T-Mobile US returned to profit during its second quarter, after recording the fastest customer growth of all US operators during the period. The company also announced the launch of its nationwide VoLTE service.

The US number four operator achieved 1.5 million net customer additions, meaning it passed 50 million customers during its fifth consecutive period where net additions broke the one million mark.

The company claimed to lead the industry in terms of branded postpaid phone net additions of 579,000 and reported a record number of mobile broadband net additions of 329,000, largely driven by tablet customers, five times greater than the prior quarter.

The strong net additions were partly attributed to stable postpaid phone churn, which was flat both sequentially and over the past year at 1.5 per cent.

Branded prepaid net additions stood at 102,000, which was down 363,000 compared to the seasonally-strong first quarter, but a major improvement on the 87,000 decline seen in the same period in 2013.

These figures compare favourably to the other three nationwide US operators.

Sprint, which announced its results yesterday, lost 220,000 subscribers during the second quarter, to keep its nose ahead just ahead of T-Mobile (which is an acquisition target) with 53.3 million subscribers on its platform.

US number two AT&T claimed its highest contract subscriber gains for five years for its second quarter, seeing net adds of 0.63 million.

Market leader Verizon Wireless, meanwhile, added 1.44 million retail contract customers but saw a small drop in retail prepaid subscribers.

T-Mobile recorded a net income of $391 million, the first profit it has reported since the first quarter of 2013. Total revenue was $7.2 billion, while service revenue stood at $5.5 billion.

Total revenue growth on a pro forma combined basis (following last year’s merger with MetroPCS) was 8 per cent for the period, while service revenue grew 7.1 per cent.

The subscriber growth and return to profit suggests T-Mobile’s ‘Uncarrier’ strategy – aimed at turning around its business under outspoken president and CEO John Legere (pictured) – is paying off.

In a blog post about the results, Legere said: “This company has completely transformed and changed trajectory in an insanely short time.”

Launched in 2013, the Uncarrier approach has, among other things, included an end to annual service contracts, a more flexible device upgrade policy, free international data roaming and lifetime free data allowances for tablet users.

Earlier this year it offered to reimburse consumers for early termination fees if they chose to switch to T-Mobile before the end of existing contracts with other operators.

And during the second quarter it launched Uncarrier 5.0: Test Drive, in which users can test an iPhone 5S with no obligation, and Uncarrier 6.0: Music Freedom, in which Simple Choice customers can stream music from the most popular music services without the data usage counting against their 4G data allotments.
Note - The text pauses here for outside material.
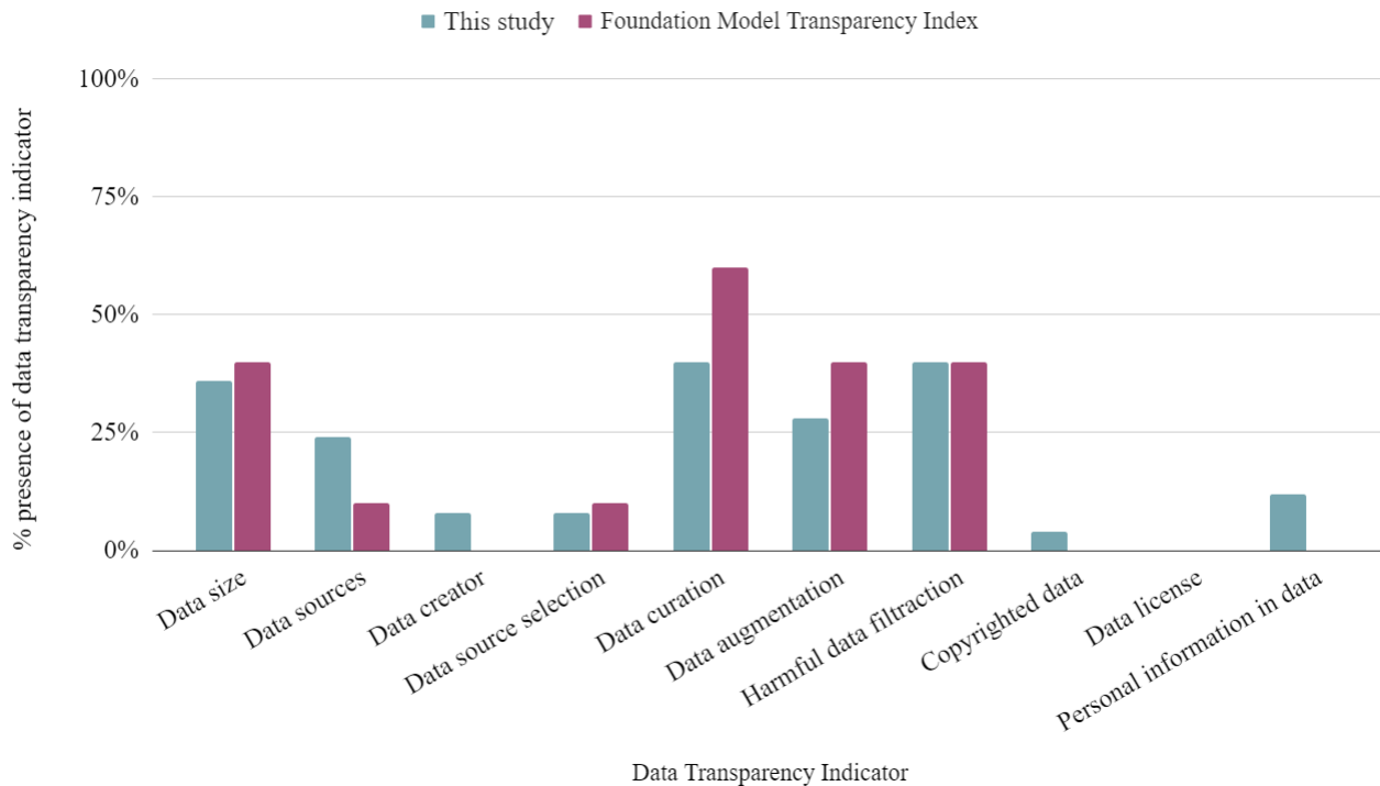
Figure 3: AI models scoring a point for each data indicator in this research (n=25) in comparison to the findings of the Foundation Model Transparency Index (n=10) ((Bommasani et al. 2023b))

leased within the relevant time period for the incident. For those where we could not identify a clear input-output mechanism/model underlying the system/function (we included those where this was not explicitly called a 'model'), we considered that we were not able to apply the search protocol outlined. We discuss the challenges in identifying model transparency information in sections 4.1 and 5.1.

Legere noted in his blog post that T-Mobile US has been “aggressively rolling out” Wideband LTE, upgrading its remaining 2G footprint to LTE and starting to roll out low-band 700 MHz A-Block spectrum.

“Nobody else delivers this kind of speed. No one else is capable of lighting up new network technologies like this team. We can do this, because we’re not playing the phone company utility game. We’re playing the mobile internet company game,” he said.